### GIVEN RECORDS
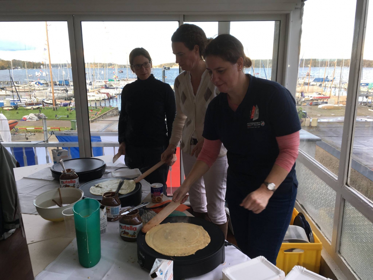 Nachdem alle Teilnehmer ihre Boote und ihr Equipment wieder verpackt hatten und sich bei der leckeren Pizza des Wirtes und den Rekordmengen an Crêpes, zubereitet vom “Schmier-Team“, gestärkt hatten, konnte dann zur Siegerehrung im großen Saal des PYC Clubhauses geschritten werden. Dieses “Schmier-Team“ war übrigens, wie an der Bezeichnung leicht zu erkennen, auch für die Vollversorgung aller Beteiligten auf dem Wasser mit “Lunchies“ und Kakao zuständig.
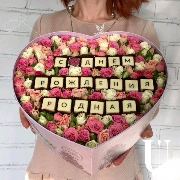 Кустовые розы, макаруни и шоколадные буквы в коробке формы сердца
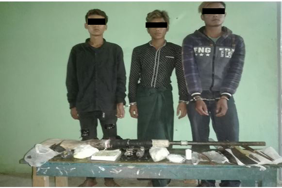 ၎င်းတို့သုံးဦးနှင့်အတူ ပြောင်းဝ(၁)လက်မ၊ လုံးပတ်(၃)လက်မ၊ ပြောင်းအရှည် (၃၆) လက်မ၊ သစ်သားဒင်(၂၈) လက်မ၊ အပါ်ကျည်ရိုက်မီးပါ တူမီးလုပ်သေနတ်(၁)လက်၊ အရိုးအသွား (၁၅)လက်မခွဲခန့် ဓါးတစ်ချောင်း၊ အရိုးအသွား(၁၇)လက်မခွဲခန့် ဆင်ဦးစီးဓါးတစ်ချောင်း၊ အရိုးအသွား(၁၆)လက်မခန့် သစ်သားရိုးတပ် မြားတစ်ချောင်း၊ ကျွတ်စ(၁)ထုတ်၊ ယမ်းအနက်ရောင်အမှုန့်(၁)ထုတ်၊ အဝါရောင်ကန့်မှုန့်(၁)ထုတ်၊ အဖြူရောင် ယမ်းရမ်း စိမ်းမှုန့် (၁)ထုတ်၊ “အမ်ကုန်းကြီး km တံဆိပ်ပါ ယမ်းခွေ(၁)ဗူး၊ အဆပ်ထည့်ထားသော ပင်နယ်စလင် ပုလင်း(၄)လုံး၊ လဲ(၁)ထုတ်၊ ဂွမ်း(၁)ထုတ်၊ ၂လက်မခွဲသံ(၅) ချောင်းနှင့်အဖြူရောင်အပ် ချည်လုံး (၁)လုံး၊ Olyoic တံဆိပ်ပါ အဖြူရောင် ကြွပ်ကြွပ်အိတ်ကြီး တစ်လုံးတို့ကို သက်သေခံ ပစ္စည်းများအဖြစ် ဖမ်းဆီးရမိခဲ့ခြင်း ဖြစ်သည်။
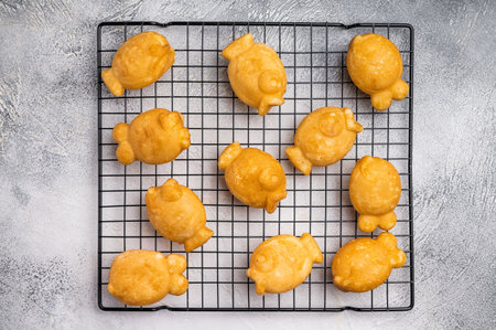 Korean pancake Bungeoppang, Fish shaped Waffle with sweet red bean filling. white background. top view.
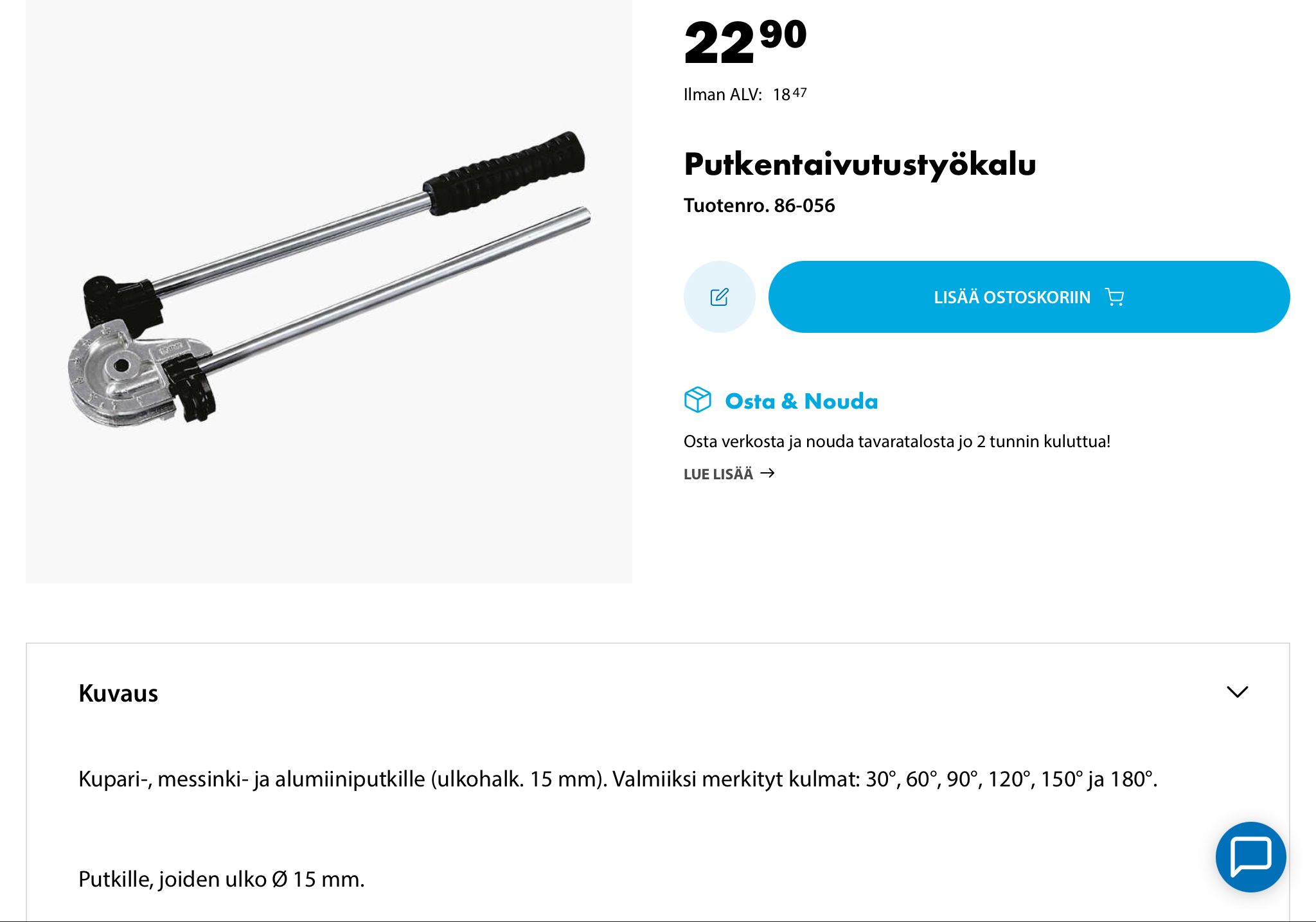 Jos tuommoinen 15mm alumiiniputki käy kehikoksi, niin aika kohtuuhintainen on taivutin.
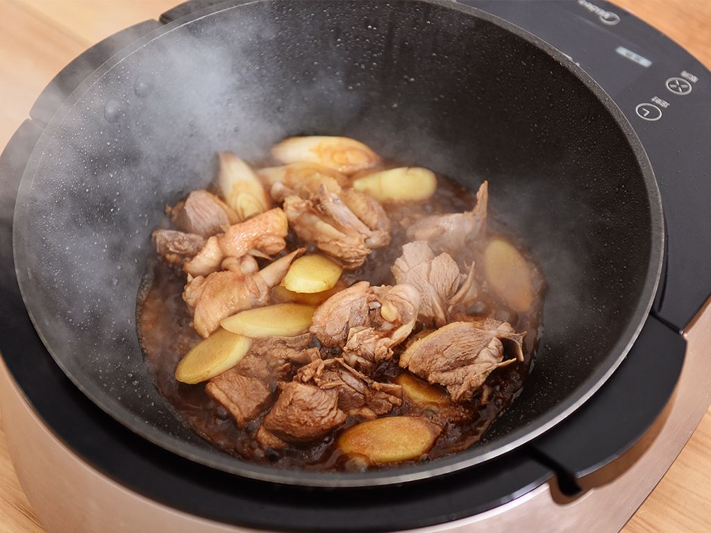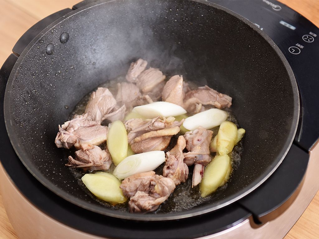 锅里放少许油,煸炒鸭肉,一定要让鸭皮表面的油逼出来,再放酱油上色,炒到沥干,加开水慢火翻滚,将鸭肉炖熟。
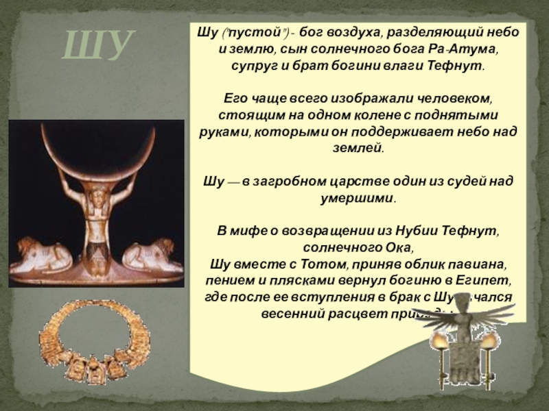 и ее муж Шу — первая пара богов-близнецов, порожденных Ра-Атумом.
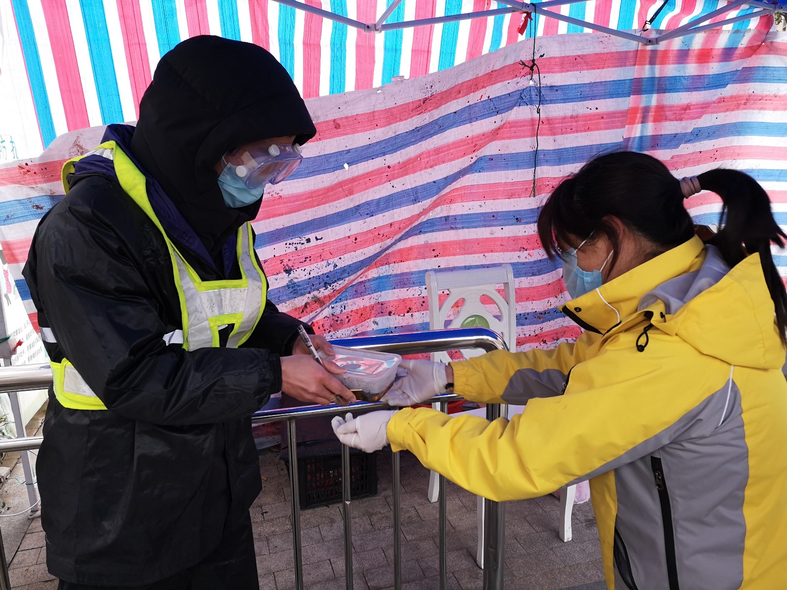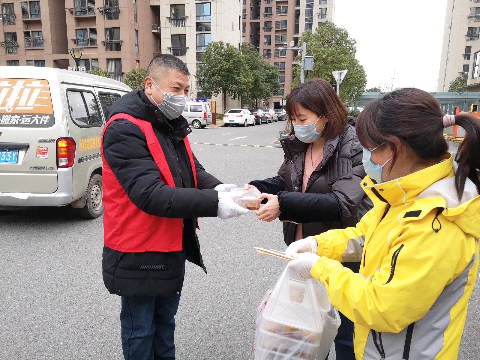 “大家辛苦了,这么冷的天,一直守在门口,来吃口热的,暖和暖和。”社区党支部书记宋颖和爱心企业一起,将一盒盒热乎乎的烤菜年糕送到了物业、保洁、保安等一线工作人员和志愿者的手中。“我就住在这里,每次回来,看到门口的工作人员和志愿者,真心觉得辛苦,我们就想着尽自己的力量为他们做点微不足道的事。”爱心企业相关人员在家中煮了烤菜年糕,装盒后立马送了过来,就为了大家能够吃口热乎的。
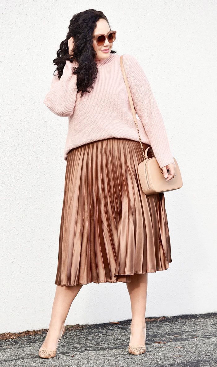 Плісировані спідниці випромінюють жіночність і можуть стати чудовим доповненням до весняних образів 2024 року в стилі plus size. М’який пастельний светр з плісированою спідницею металік поєднує в собі комфорт і гламур, підходить як для денних, так і для вечірніх заходів.
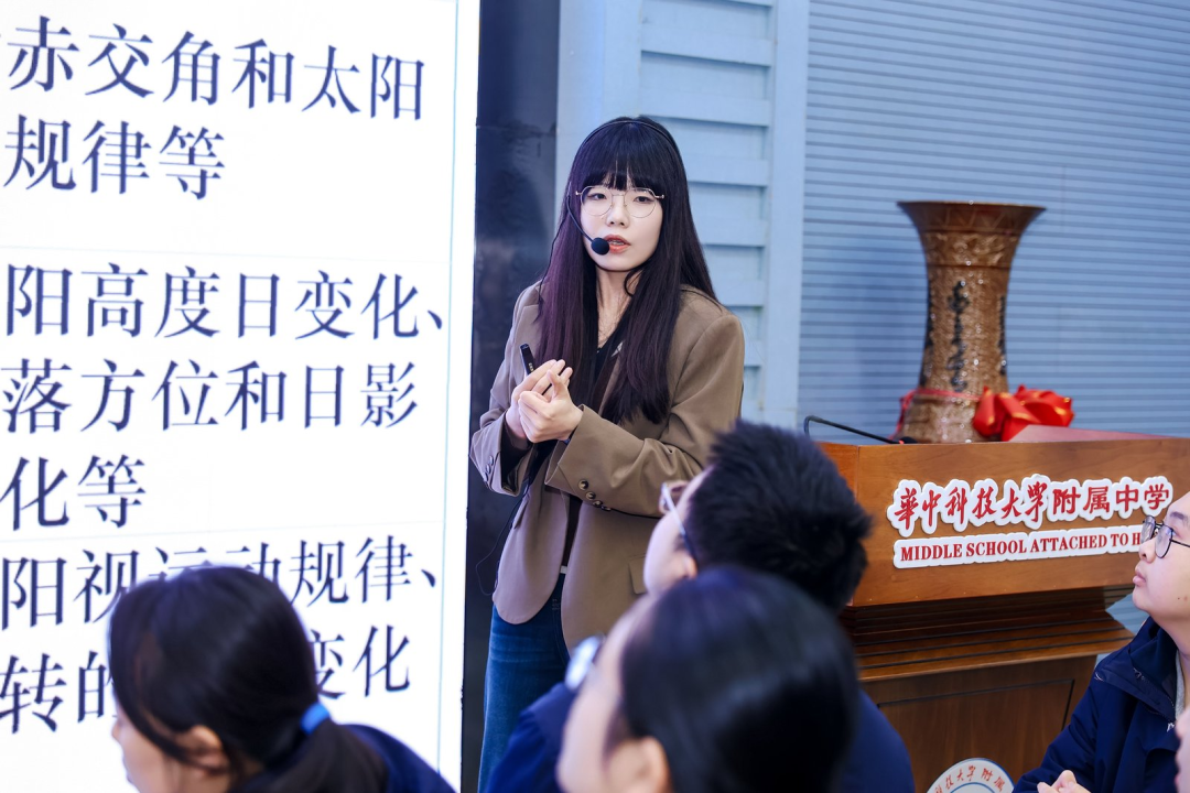 10月31日,徐婵老师又站上了省级好课堂的展示舞台。在华中科技大学附属中学举行的2025年“湖北好课堂”系列研讨活动中,其展示的《赤道式日晷》一课赢得了满堂彩。

### TASK DETAILS
Skip the pictures, then retype every line above exactly.

### ANSWER BELOW
 Nachdem alle Teilnehmer ihre Boote und ihr Equipment wieder verpackt hatten und sich bei der leckeren Pizza des Wirtes und den Rekordmengen an Crêpes, zubereitet vom “Schmier-Team“, gestärkt hatten, konnte dann zur Siegerehrung im großen Saal des PYC Clubhauses geschritten werden. Dieses “Schmier-Team“ war übrigens, wie an der Bezeichnung leicht zu erkennen, auch für die Vollversorgung aller Beteiligten auf dem Wasser mit “Lunchies“ und Kakao zuständig.
 Кустовые розы, макаруни и шоколадные буквы в коробке формы сердца
 ၎င်းတို့သုံးဦးနှင့်အတူ ပြောင်းဝ(၁)လက်မ၊ လုံးပတ်(၃)လက်မ၊ ပြောင်းအရှည် (၃၆) လက်မ၊ သစ်သားဒင်(၂၈) လက်မ၊ အပါ်ကျည်ရိုက်မီးပါ တူမီးလုပ်သေနတ်(၁)လက်၊ အရိုးအသွား (၁၅)လက်မခွဲခန့် ဓါးတစ်ချောင်း၊ အရိုးအသွား(၁၇)လက်မခွဲခန့် ဆင်ဦးစီးဓါးတစ်ချောင်း၊ အရိုးအသွား(၁၆)လက်မခန့် သစ်သားရိုးတပ် မြားတစ်ချောင်း၊ ကျွတ်စ(၁)ထုတ်၊ ယမ်းအနက်ရောင်အမှုန့်(၁)ထုတ်၊ အဝါရောင်ကန့်မှုန့်(၁)ထုတ်၊ အဖြူရောင် ယမ်းရမ်း စိမ်းမှုန့် (၁)ထုတ်၊ “အမ်ကုန်းကြီး km တံဆိပ်ပါ ယမ်းခွေ(၁)ဗူး၊ အဆပ်ထည့်ထားသော ပင်နယ်စလင် ပုလင်း(၄)လုံး၊ လဲ(၁)ထုတ်၊ ဂွမ်း(၁)ထုတ်၊ ၂လက်မခွဲသံ(၅) ချောင်းနှင့်အဖြူရောင်အပ် ချည်လုံး (၁)လုံး၊ Olyoic တံဆိပ်ပါ အဖြူရောင် ကြွပ်ကြွပ်အိတ်ကြီး တစ်လုံးတို့ကို သက်သေခံ ပစ္စည်းများအဖြစ် ဖမ်းဆီးရမိခဲ့ခြင်း ဖြစ်သည်။
 Korean pancake Bungeoppang, Fish shaped Waffle with sweet red bean filling. white background. top view.
 Jos tuommoinen 15mm alumiiniputki käy kehikoksi, niin aika kohtuuhintainen on taivutin.
 锅里放少许油,煸炒鸭肉,一定要让鸭皮表面的油逼出来,再放酱油上色,炒到沥干,加开水慢火翻滚,将鸭肉炖熟。
 и ее муж Шу — первая пара богов-близнецов, порожденных Ра-Атумом.
 “大家辛苦了,这么冷的天,一直守在门口,来吃口热的,暖和暖和。”社区党支部书记宋颖和爱心企业一起,将一盒盒热乎乎的烤菜年糕送到了物业、保洁、保安等一线工作人员和志愿者的手中。“我就住在这里,每次回来,看到门口的工作人员和志愿者,真心觉得辛苦,我们就想着尽自己的力量为他们做点微不足道的事。”爱心企业相关人员在家中煮了烤菜年糕,装盒后立马送了过来,就为了大家能够吃口热乎的。
 Плісировані спідниці випромінюють жіночність і можуть стати чудовим доповненням до весняних образів 2024 року в стилі plus size. М’який пастельний светр з плісированою спідницею металік поєднує в собі комфорт і гламур, підходить як для денних, так і для вечірніх заходів.
 10月31日,徐婵老师又站上了省级好课堂的展示舞台。在华中科技大学附属中学举行的2025年“湖北好课堂”系列研讨活动中,其展示的《赤道式日晷》一课赢得了满堂彩。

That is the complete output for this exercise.